ビルを出て街を歩く清春はわざと瞳を隠してかけたサングラスの下から、街行く人々を目で追う。
「ママ!ありがとう!ぼくこの新幹線のおもちゃがずっと欲しかったんだ!」
「まあ良かった!新しく発売されたばかりだからきっと喜ぶと思ったのよ!」
「まだ誰も持っていないかもしれないからな。幼稚園で自慢しなさい」
「ありがとうパパ!」
両親と両手で手を繋ぎ、新しく発売された新幹線のおもちゃを買ってもらい喜ぶ男児の姿がサングラス越しに清春の瞳に映る。

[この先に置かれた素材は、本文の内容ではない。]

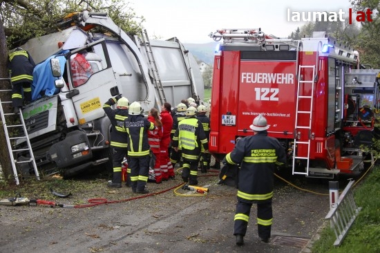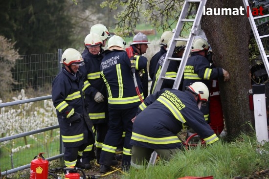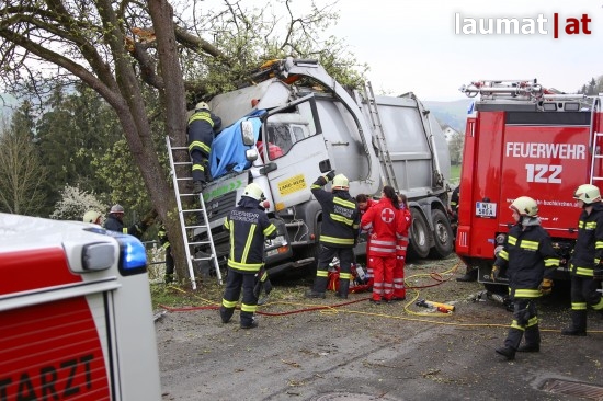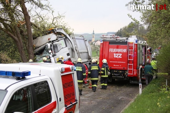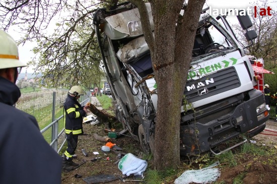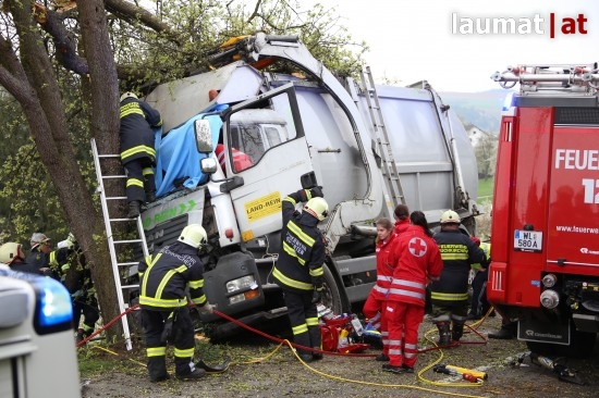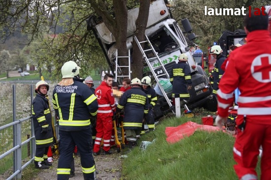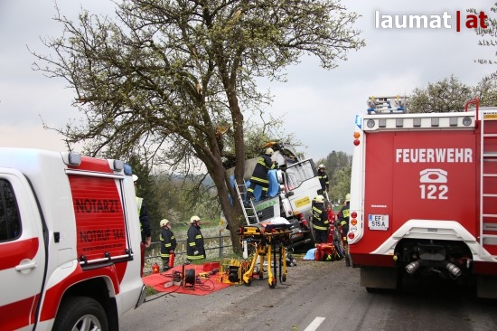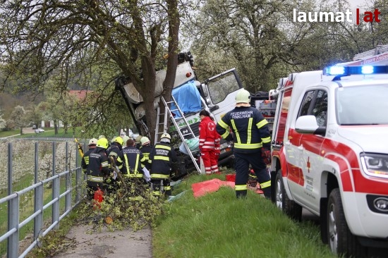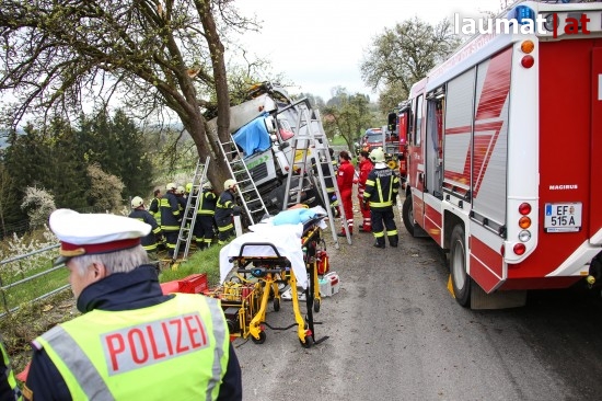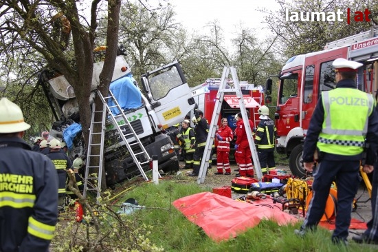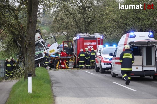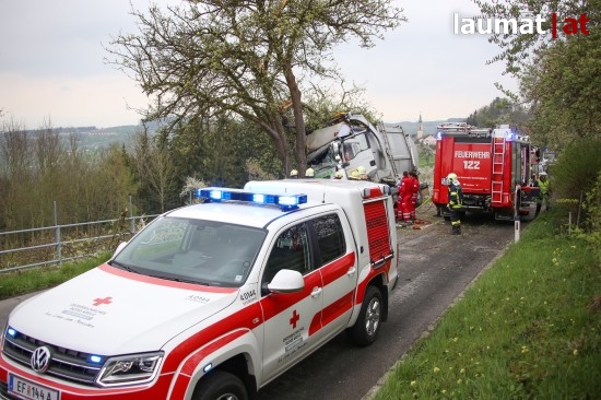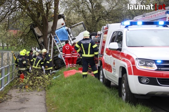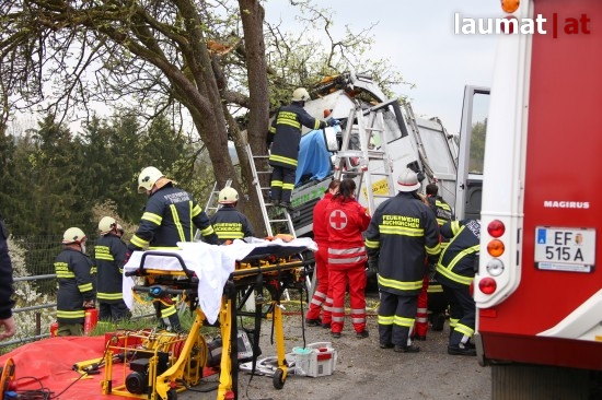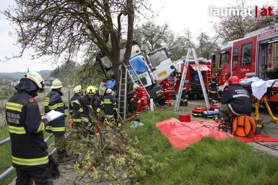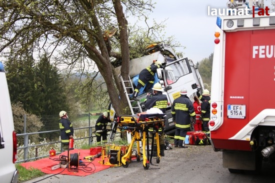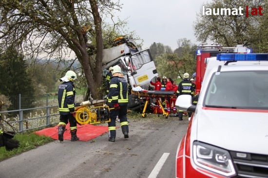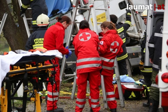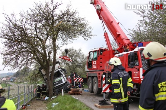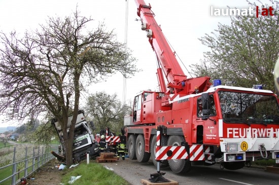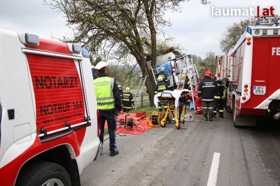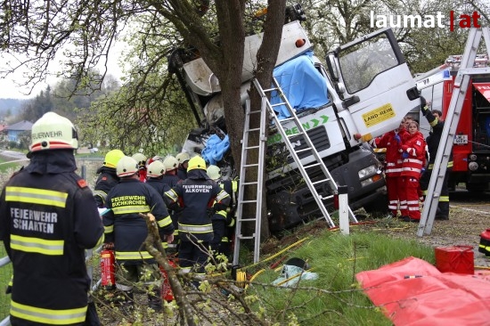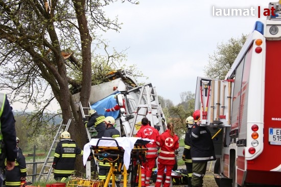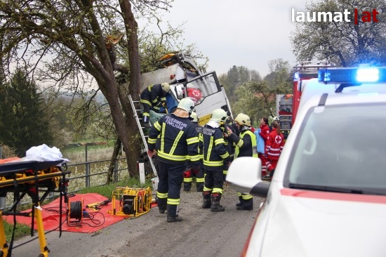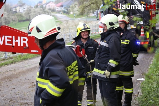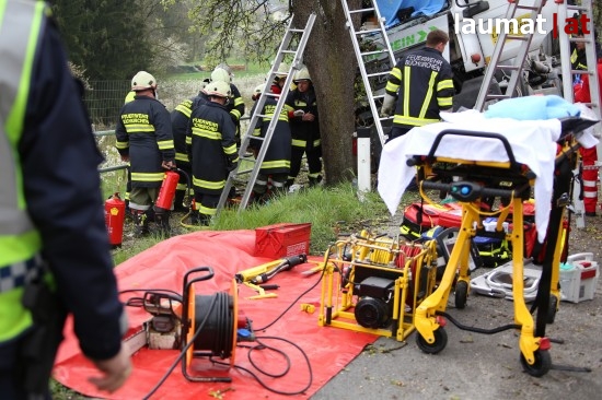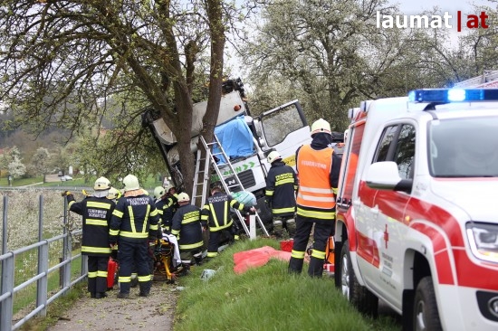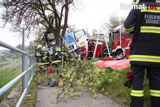 "Die Alarmierung war ein Verkehrsunfall mit eingeklemmter Person. Vorgefunden haben wir einen Lastwagen, der gegen einen Baum gefahren ist. Der Fahrer konnte selbstständig aussteigen. Die Beifahrerin war leider Gottes sehr unglücklich und stark eingeklemmt. Die Rettung der Person hat sich sehr schwierig gestaltet. Wir haben fast eine ganze Stunde versucht das Führerhaus wieder auszustrecken, sodass wir die Person befreien konnten," schildert Albin Schauer, Kommandant der Feuerwehr Scharten.

『清春はいっつも古くさい機関車のおもちゃしか持ってないんだな!』
『おれ達なんてこの前発売したばっかりの電車のおもちゃ持ってるんだぜー!』
『清春ン家はココリ村っていうビンボー村にあるって母さんが言ってた!』
『やーい!ビンボー!ビンボー!』

「……。はっ、何が幼稚園で自慢しなさいだよ。親がンな事教えるから悪ガキが増えるんだろ」
幼き日の自分の記憶が蘇り、今擦れ違った親子と重なれば。清春はサングラス越しに先程の親子を睨み付ける。
「あ"ーうぜっ…。あの人間共ぶっ殺そっかな」
辺りに他に通行人がいないのを見計らい清春は右手の平の中を白く光らせ、武器の十字架に似た槍を取り出す。狙うは、今自分に背を向けて歩いていく人間の親子3人。
「お父さん、お母さん。ぼくとずーっと一緒に居てね!」
「…!!」

『お父さんとお母さんどっちかなんてヤだよ!!』

スッ…、
親子の男児の言葉を聞いたら武器をしまい、親子には背を向けて再び街の中へ消えてゆくのだった。























一方のカナは。
「はぁ〜この前会ったあの人に何回も会っちゃうなんて…。私ついてないなぁ…」
未だ清春が怖くてビクビクして下を向きながらトボトボ歩いていた。いつしか辺りは夕陽のオレンジに染まり、昼間よりも人通りが増えてきた。だがまだ下を向きながらトボトボ歩いているカナ。


ドンッ!

「あ…!ごごごめんなさ…ひぃっ…!!」
「……」
神の悪戯か?やはりまた、ぶつかってしまった。たまたま。偶然。清春と。しかも今回ばかりは清春も無言で今までで一番苛立ってカナを見下ろしているからペコペコ謝るカナ。
「ごめんなさい!ごめんなさい!私トロくて…」
「トロいって自覚してんなら人混み出るのやめれば?」
「え…、」
清春は鼻で笑い、両手を出して肩を竦める。カナを馬鹿にして。
「大体あんた何?他人とぶつかるのが趣味なワケ?この前のお節介といい今日といい。マジうぜぇんだよ。ブスのクセに度々視界に入られる俺の身にもなれよ雌豚」
人通りが増えてきた街中といえど清春の声が目立つから、街行く人々はヒソヒソ話しながら清春とカナを見て…しかし誰も止めにも入らずただ見て通り過ぎていくだけ。カナは蛇に睨まれた蛙のように小さくなり、俯いてばかり。
「あのっ…」
「あーはいはい。やめてくんない?俺と会話しないでくんない?雌豚の分際で。あんたのせいで俺気ぃ立ってるから。はっ!それにそのガキくせーし今時古臭い柄のヘアピンとかブスがよりブスになるからやめれば?キモッ」
「どうしてそんな事を言うんですか!!」
「は?」
初めて声を上げて荒げたカナ。通行人の野次馬は増えたが、清春は全く動じない。しかしカナは下を向きながら、握りしめた両手をぷるぷる震わせて珍しく怒っている。いや、初めて怒ったのだ。産まれて初めて今日。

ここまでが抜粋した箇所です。